=== DATA TO USE ===
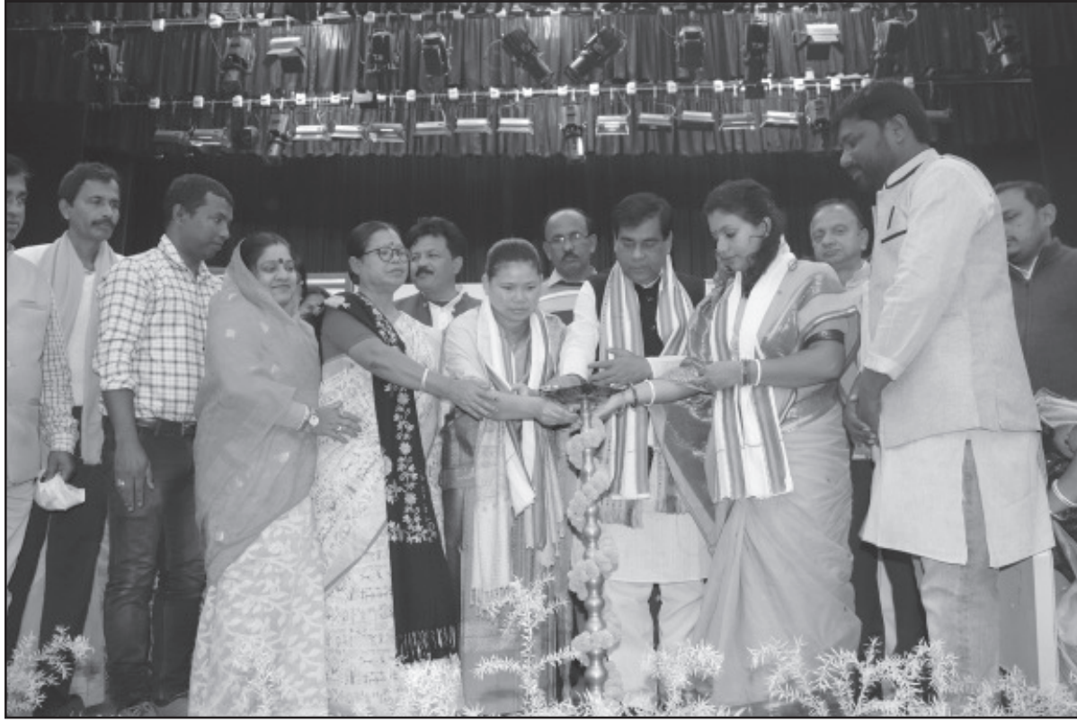
আগরতলা পুর নিগমের নব নির্বাচিত সদস্যদের স্বর্বেধন দিয়েছেন নিগমের ক্রিনিক স্টাফরা।
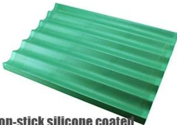
Non-stick silicone coated
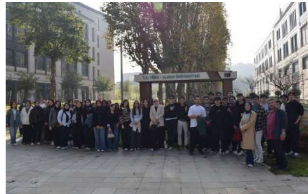
Özel Başakşehir Yenidoğru Anadolu Lisesi Öğrencilerini Üniversitemizde Ağırladık Wir hatten die Schülerinnen und Schüler vom Privaten College Salihli Bahçeşehir an unserer Universität zu Gast
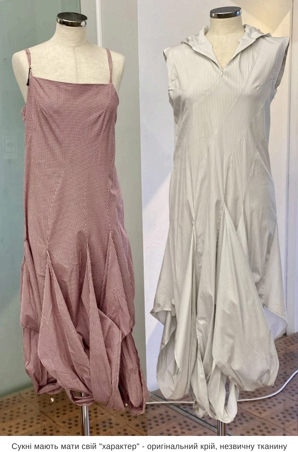
Сукні мають мати свій «характер» - оригінальний крої, незвичну тканину чи особливий колір

— Вже який сезон літо не обходиться без легких суконь та сарафанів. У тренді залишаються пишні рукави, а от волани вже практично зникли. На зміну їм прийшло дофудування та асиметрія. Взагалі, цього сезону має бути, як то кажуть, «з характером». Її особливість може виявитися в оригінальному крої, незвичайній тканині або її кольорах. Пов'язьте на талію ту ж шовкову хустку чи сорочку — і вже буде оригінальний вигляд. Мода перестас бути безликою, вона віддає перевагу індивідуальності та оригінальності.
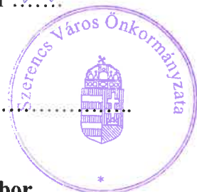
Nyiri Tibor polgármester Megrendelő
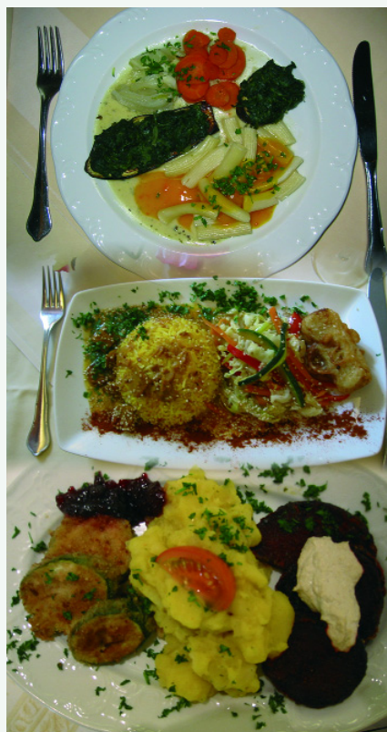
Abb. 5: Vegetarische Ernährung

und nimmt die Ernährung und die Lehre darüber sehr konsequent in das ganzheitliche Konzept auf. Natürlich werden Schulungen angeboten zu einer gesunden Lebensführung und Ernährungsweise. Die Naturklinik in Michelrieth hat diesen roten Faden aber konsequent
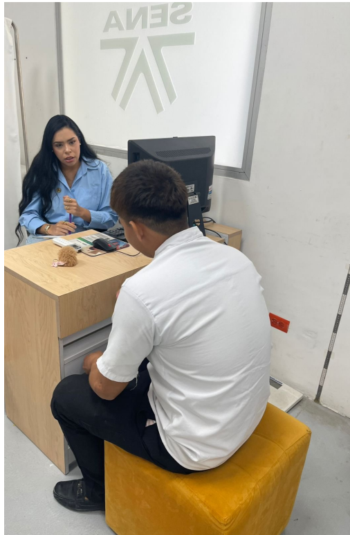
Ilustración 5- 6: Consejería y orientación Individual, Nodo de diseño y mobiliario, Galapa, Octubre 2025.
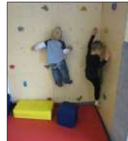
Bewegung, Körper, Gesundheit, Sprache, Kommunikation, Soziale Bildung, Mathematische Bildung

Ein sehr abwechslungsreiches Außengelände mit seinen verschiedenen Sträuchern, Obstbäumen und einem Nutzgarten, bietet den Kindern eine Vielzahl von Möglichkeiten an, mit den Elementen der Natur in Kontakt zu treten.
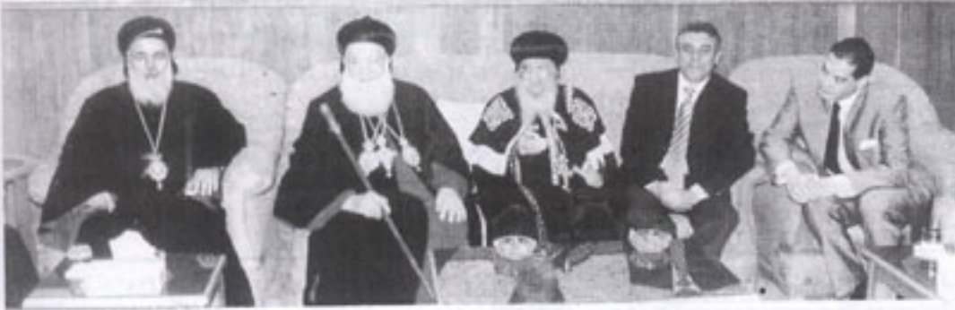
مع قداسة البطريرك مار زكا والمطران جورج صليبيا والسيد حازم خيرت سفير مصر في سوريا

ثم توجه موكب قداسته من مطار بيروت إلى دمشق، وعند الحدود السورية اللبناية كان في استقبال قداسته: قداسة البطريرك مار اغناطيوس زكا الأول بطريرك أنطاكية وسائر المشرق للسريان الأرثوذكس. ووفد من الآباء المطارنة السريان: أصحاب النيافة المطران جورج صليبيا، والمطران بطرس سلوانس، والمطران إيليا باهى، والمطران بولس صفر. كما كان في استقبال قداسته السفير المصرى السيد حازم خيرت سفير مصر بسوريا،
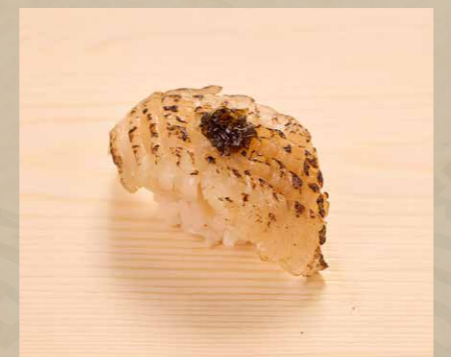
えんかわ醤油焼 右口魚邊・醤油 Flounder Fin · Soy Sauce 42
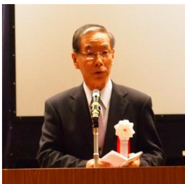
コミュニティ会議会長式辞
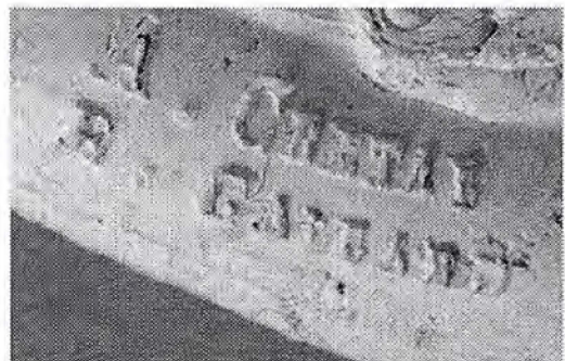
Fabrieksmerk Cretal Gallard

Het model van de pijp stelt een karikaturale weergave voor van tsaar Nicolaas I, wiens mond wordt geopend door twee handen van de overwinnaars Frankrijk en Engeland. Uit zijn mond staan op de tong de namen
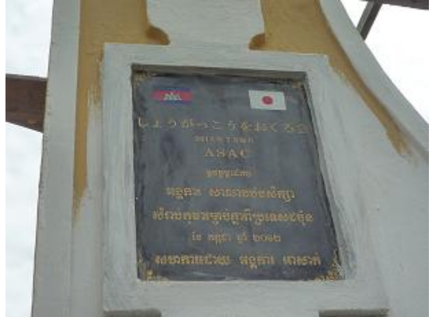
校門に取り付けられたドナープレート
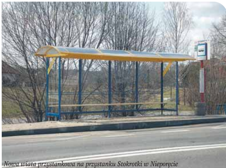
Nowa wiata przystankowa na przystanku Stokrotki w Nieporęcie

W drugim etapie prac wykonawca położył płyty eko na powierzchni ok. 300 m 2 . Powstała również droga manewrowa o pow. 150 m 2 . Koszt inwestycji wyniósł 34 305 zł.
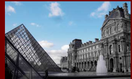
Лувр, Париж, Франция
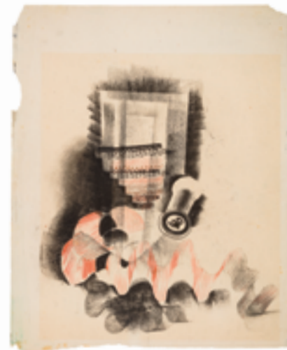
Links: Komposition mit Spirale , 1919–1923, Linolschnitt 50 × 33,8 cm, Inv.Nr. 8700 / Rechts: Stilleben (mit Spule) , um 1920, Kohle, Bleistift Buntstift auf Papier, 49 × 39 cm, Inv.Nr. 8699
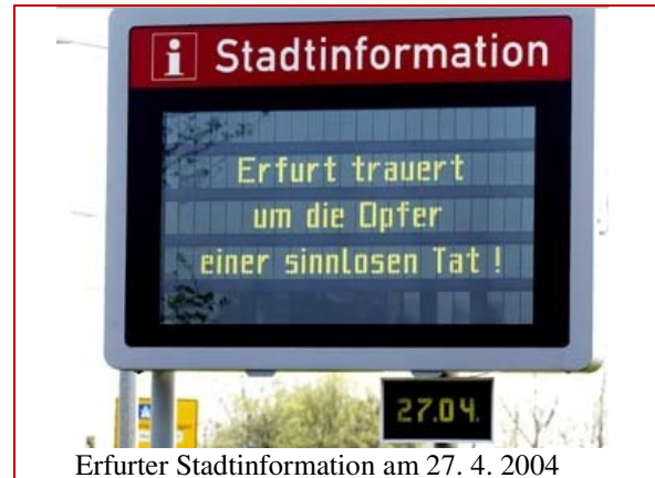
Erfurter Stadtinformation am 27. 4. 2004
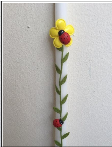
Ανάλογα με τη διαθεσιμότητα των υλικών θα παραδίδεται το ένα ή το άλλο είδος
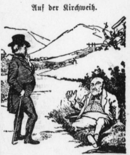
„Armer Mann, nicht einmal ein Holzeisen können Sie sich anschaffen?" „Doch; aber die wilden Burschen da brauchen's beim Raufen."

— Beweis. Schwiegermama: „Gott! mit mein Schwiegerohn etwa heimlich lieben?" — Onkel: „Wie kommen Sie darauf?" — Schwiegermama: „Er laufst, so oft er mich ansieht!"
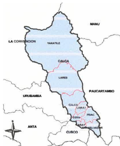
MAPA 02: Ubicación Geográfica Distrito de Yanatile Fuente: Unidad Formuladora Municipalidad Distrital de Yanatile
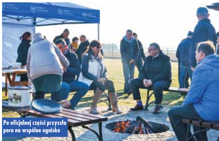
Po oficjalnej części przyszła pora na wspólne ognisko
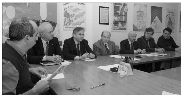
Un recente incontro delle forze di maggioranza
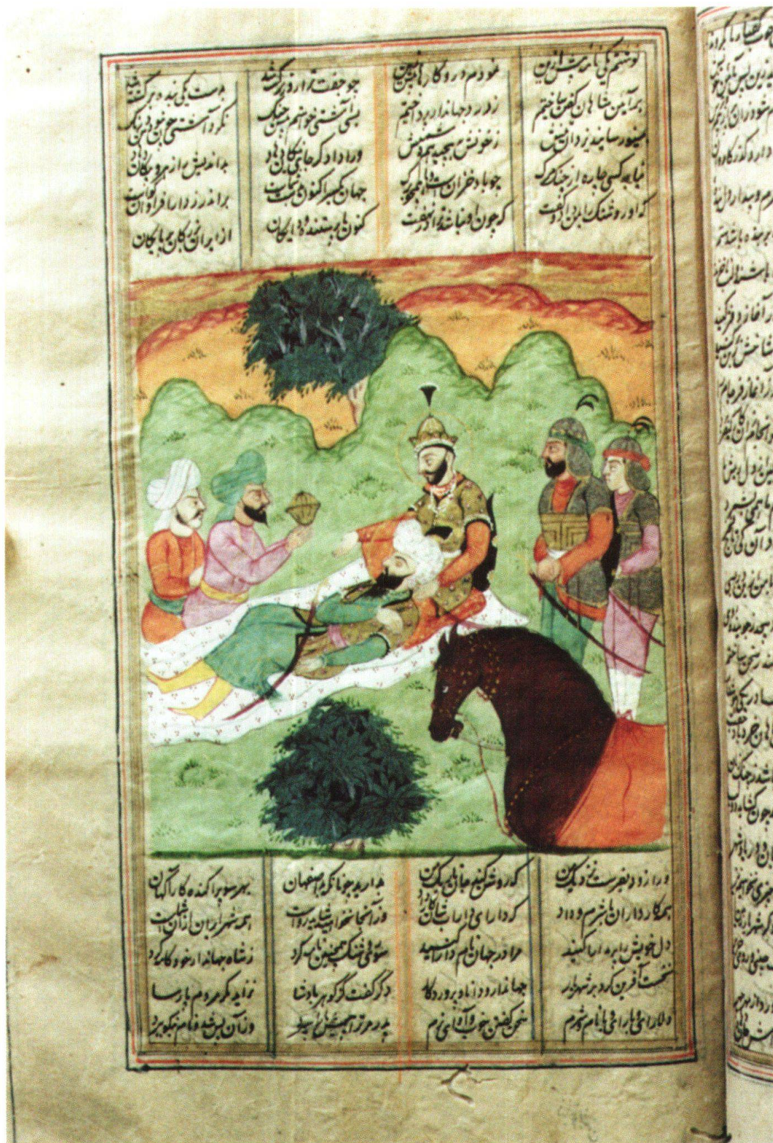
Fig. 13: La mort de Dārā. Inde, 1830–1840, Ferdōsī, Šāhnāme , Berne, MHB, cote: M.B. 19, fol. 359r.
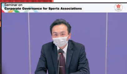
2020年12月23日香港管理專業協會 — 體育總會企業管治簡介會

=== WORK REQUEST ===
The listing is to be reproduced in full and exactly, except that its pictures are to be dropped.

=== ANSWER BOX ===
আগরতলা পুর নিগমের নব নির্বাচিত সদস্যদের স্বর্বেধন দিয়েছেন নিগমের ক্রিনিক স্টাফরা।
Non-stick silicone coated
Özel Başakşehir Yenidoğru Anadolu Lisesi Öğrencilerini Üniversitemizde Ağırladık Wir hatten die Schülerinnen und Schüler vom Privaten College Salihli Bahçeşehir an unserer Universität zu Gast
Сукні мають мати свій «характер» - оригінальний крої, незвичну тканину чи особливий колір

— Вже який сезон літо не обходиться без легких суконь та сарафанів. У тренді залишаються пишні рукави, а от волани вже практично зникли. На зміну їм прийшло дофудування та асиметрія. Взагалі, цього сезону має бути, як то кажуть, «з характером». Її особливість може виявитися в оригінальному крої, незвичайній тканині або її кольорах. Пов'язьте на талію ту ж шовкову хустку чи сорочку — і вже буде оригінальний вигляд. Мода перестас бути безликою, вона віддає перевагу індивідуальності та оригінальності.
Nyiri Tibor polgármester Megrendelő
Abb. 5: Vegetarische Ernährung

und nimmt die Ernährung und die Lehre darüber sehr konsequent in das ganzheitliche Konzept auf. Natürlich werden Schulungen angeboten zu einer gesunden Lebensführung und Ernährungsweise. Die Naturklinik in Michelrieth hat diesen roten Faden aber konsequent
Ilustración 5- 6: Consejería y orientación Individual, Nodo de diseño y mobiliario, Galapa, Octubre 2025.
Bewegung, Körper, Gesundheit, Sprache, Kommunikation, Soziale Bildung, Mathematische Bildung

Ein sehr abwechslungsreiches Außengelände mit seinen verschiedenen Sträuchern, Obstbäumen und einem Nutzgarten, bietet den Kindern eine Vielzahl von Möglichkeiten an, mit den Elementen der Natur in Kontakt zu treten.
مع قداسة البطريرك مار زكا والمطران جورج صليبيا والسيد حازم خيرت سفير مصر في سوريا

ثم توجه موكب قداسته من مطار بيروت إلى دمشق، وعند الحدود السورية اللبناية كان في استقبال قداسته: قداسة البطريرك مار اغناطيوس زكا الأول بطريرك أنطاكية وسائر المشرق للسريان الأرثوذكس. ووفد من الآباء المطارنة السريان: أصحاب النيافة المطران جورج صليبيا، والمطران بطرس سلوانس، والمطران إيليا باهى، والمطران بولس صفر. كما كان في استقبال قداسته السفير المصرى السيد حازم خيرت سفير مصر بسوريا،
えんかわ醤油焼 右口魚邊・醤油 Flounder Fin · Soy Sauce 42
コミュニティ会議会長式辞
Fabrieksmerk Cretal Gallard

Het model van de pijp stelt een karikaturale weergave voor van tsaar Nicolaas I, wiens mond wordt geopend door twee handen van de overwinnaars Frankrijk en Engeland. Uit zijn mond staan op de tong de namen
校門に取り付けられたドナープレート
Nowa wiata przystankowa na przystanku Stokrotki w Nieporęcie

W drugim etapie prac wykonawca położył płyty eko na powierzchni ok. 300 m 2 . Powstała również droga manewrowa o pow. 150 m 2 . Koszt inwestycji wyniósł 34 305 zł.
Лувр, Париж, Франция
Links: Komposition mit Spirale , 1919–1923, Linolschnitt 50 × 33,8 cm, Inv.Nr. 8700 / Rechts: Stilleben (mit Spule) , um 1920, Kohle, Bleistift Buntstift auf Papier, 49 × 39 cm, Inv.Nr. 8699
Erfurter Stadtinformation am 27. 4. 2004
Ανάλογα με τη διαθεσιμότητα των υλικών θα παραδίδεται το ένα ή το άλλο είδος
„Armer Mann, nicht einmal ein Holzeisen können Sie sich anschaffen?" „Doch; aber die wilden Burschen da brauchen's beim Raufen."

— Beweis. Schwiegermama: „Gott! mit mein Schwiegerohn etwa heimlich lieben?" — Onkel: „Wie kommen Sie darauf?" — Schwiegermama: „Er laufst, so oft er mich ansieht!"
MAPA 02: Ubicación Geográfica Distrito de Yanatile Fuente: Unidad Formuladora Municipalidad Distrital de Yanatile
Po oficjalnej części przyszła pora na wspólne ognisko
Un recente incontro delle forze di maggioranza
Fig. 13: La mort de Dārā. Inde, 1830–1840, Ferdōsī, Šāhnāme , Berne, MHB, cote: M.B. 19, fol. 359r.
2020年12月23日香港管理專業協會 — 體育總會企業管治簡介會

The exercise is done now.